- Promotional poster
- Directed by: Lewis Abernathy
- Screenplay by: Geof Miller; Deirdre Higgins;
- Story by: Geof Miller; Deirdre Higgins; Jim Wynorski; R.J. Robertson;
- Produced by: Sean S. Cunningham; Debbie Hayn-Cass;
- Starring: Terri Treas; Scott Burkholder; Melissa Clayton; William Katt;
- Cinematography: James Mathers
- Edited by: Seth Gaven
- Music by: Harry Manfredini
- Production companies: New Line Cinema; Sean S. Cunningham Films;
- Distributed by: New Line Home Video; RCA/Columbia Pictures Home Video;
- Release date: January 29, 1992;
- Running time: 94 minutes
- Country: United States
- Language: English
- Budget: $1,600,000 (estimated)^{[citation needed]}

= House IV =

1992 direct-to-video comedy horror film by Lewis Abernathy

House IV is a 1992 direct-to-video comedy horror film directed by Lewis Abernathy, from a script co-written by Geoff Miller and Deidre Higgins. Produced by Sean S. Cunningham and Debbie Hayn-Cass, it serves as the fourth and final installment in the House film series. Starring Terri Treas, Melissa Clayton, and Scott Burkholder, the film also featured William Katt reprising his role as Roger Cobb from the first movie. While it has connections to the original, it is a mostly-standalone sequel, with a plot centered around another home that encounters a haunting.

==Synopsis==
Roger Cobb (William Katt) is now married to Kelly (Terri Treas), and has a daughter, Laurel (Melissa Clayton). He often visits the old Cobb family house after his father's death. It is located on a deserted and desolate shoreline. Roger's cynical step-brother Burke (Scott Burkholder) has been pestering him to sell the family mansion, edging Roger to break his oath with their father.
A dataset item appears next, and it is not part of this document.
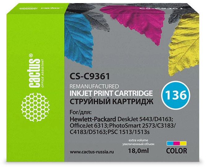 Картридж струйный Cactus CS-C9361 №136 многоцветный (18мл) для HP DJ 5443/ D4163/ DJ 6313/ PS 2573/ C3183/ C4183/ D5163/ 1513/ 1513s с чипом
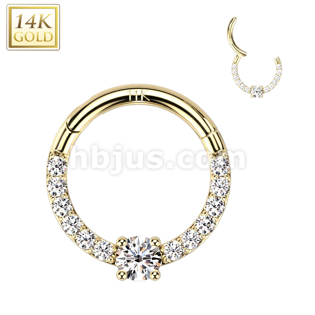 14K Gold Hinged Segment Hoop Ring With Front Facing Round CZ Center and CZ Paved Sides

Roger is soon killed in a bad car accident that leaves Laurel requiring a wheelchair, leaving the house over to Kelly. Burke is still unable to convince Kelly to sell the house. Unknown to Kelly, Burke wants to sell the house so that a seedy Mafia group can use the property to dump illegal waste. The head of the Mafia has dwarfism and suffers intense phlegm, but proves to be very powerful and influential.

Various supernatural events start occurring in the house, and after Kelly consults with a Native American spiritual guide, she learns that it is the spirits of Roger and some Native Americans, trying to warn Kelly about the danger she is in.

==Cast==
- Terri Treas as Kelly Cobb
- Scott Burkholder as Burke
- Denny Dillon as Verna Klump
- Melissa Clayton as Laurel Cobb
- Dabbs Greer as Mr. Cobb, Roger's Father
- Ned Romero as Ezra
- Ned Bellamy as Lee
- John Santucci as Charles
- Mark Gash as Mr. Gross
- Paul Keith as Plumber
- William Katt as Roger Cobb

==Reception==

Andrew Pollard at Starburst called it a "a fitting way to bring the House franchise to a conclusion". AllMovie wrote, "this installment marks a slightly more effective return to the horror comedy formula that made the original a surprise hit".